Bütün ressamlara açık bir yarışma düzenlenir. Yarışma değil de adeta bir festival. Belirlenen tarihte yapılan resimler sergilenecek ve bir hayır kurumu adına satışa sunulacak. Yapılacak resimler içinde bir konu belirlenmiş: HUZUR. Ressamlar resimlerinde Huzuru canlandıracaklarmış.

Pek çok sanatçı bu organizasyona katılmış ve gelen tablolar davetlilerin görüşüne sunulmuş. Neler yokmuş neler. Genellikle doğa görüntüleri ön plana çıkıyormuş.

Yemyeşil ormanlar, sakin sakin akan dereler, deniz kenarında kumdan kuleler yapan çocuklar. Rengarenk çiçeklerin açtığı bahçe içindeki kameriyede karşılıklı oturmuş kahve içen yaşlı çift.

Bir başka tablo sakin sularıyla bir göl resmi, üzerine çevresindeki dağların gölgesi düşmüş, gökyüzünün mavisi vurmuş. Kıyısına dikkatle bakınca bir kulübe görülüyormuş. Bir penceresi de açık olan bu şirin yapının bacasından ince bir duman yükseliyor ve içerdeki yaşamı yansıtıyormuş.

Bu tabloyu önemli bir bağış yaparak satın alan sanatsever, beraber geldiği saygın bilge kişinin satın aldığı tabloyu merak etmiş.  Baktığında merakı daha çok artmış. Oldukça ilginç bir resimmiş. Ön planda dağlar varmış ama dik ve keskin kayalıklardan oluşmuş ürküntü veren dağlar. Gökyüzü ise kara bulutlarla kaplıymış. Şimşekler ve yağan sağanak yağmur kapkaranlık bir hava yaratmış. Diğerlerinden çok farklı imiş.

Şaşkınlığını gizleyemeyen bilge adamın arkadaşı sormuş: “Üstat huzur bunun neresinde?” Yaşlı adam bakmış, gülümsemiş, elini kaldırıp parmağını bir noktaya yöneltmiş “burada” demiş. İşaret ettiği yerde sarp kayalıkların arasındaki bir oyukta küçük bir kuş yuvası varmış. O korkunç fırtınanın içinde bir sığırcık o yuvada sakince oturuyormuş.

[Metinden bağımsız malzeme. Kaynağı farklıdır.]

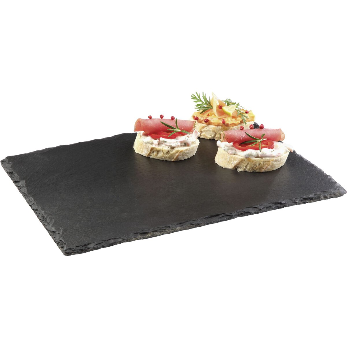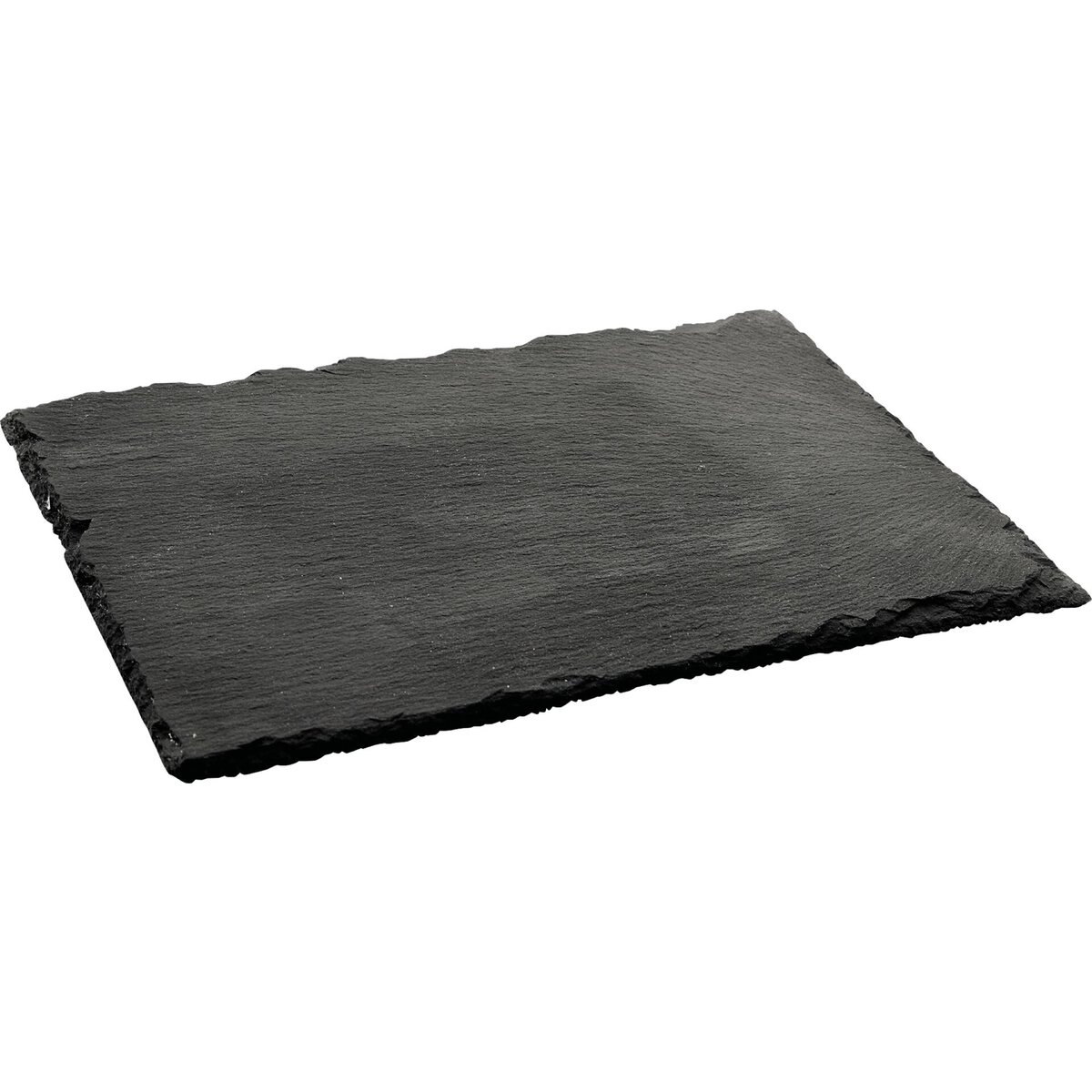 Naturschiefer. Mit Antirutsch-Füßchen. Versiegelt mit lebensmittelechtem Speziallack. Fett- und wasserdichte Oberfläche. Gebrochene Kante. Hervorragende Kältespeicherung durch Naturschiefer. Nicht spülmaschinengeeignet!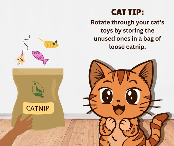 Keep your cat excited about all of their toys by rotating them, and storing the unused ones in a bag of loose catnip.

Bilge adam devam etmiş “ Huzur her türlü gürültüden, zorluklardan uzakta bulduğumuz şey değildir. Huzur en kötü ve zor durumlarda bile sakin olabilme ve bunu koruyabilmenin yoludur. Gerçek huzur işte budur.”

Buda da diyor k: Gürültü ve patırtının ortasında sükunetle dolaş. Sessizliğin içinde huzur bulduğunu unutma.

Huzurlu olmak için Dale Carnegie’nin şu sözünü de unutmayalım; Eğer yarım asırlık hayat bana bir şey öğretmişse şunu öğretmiştir, huzuru size kendinizden başka kimse sağlayamaz.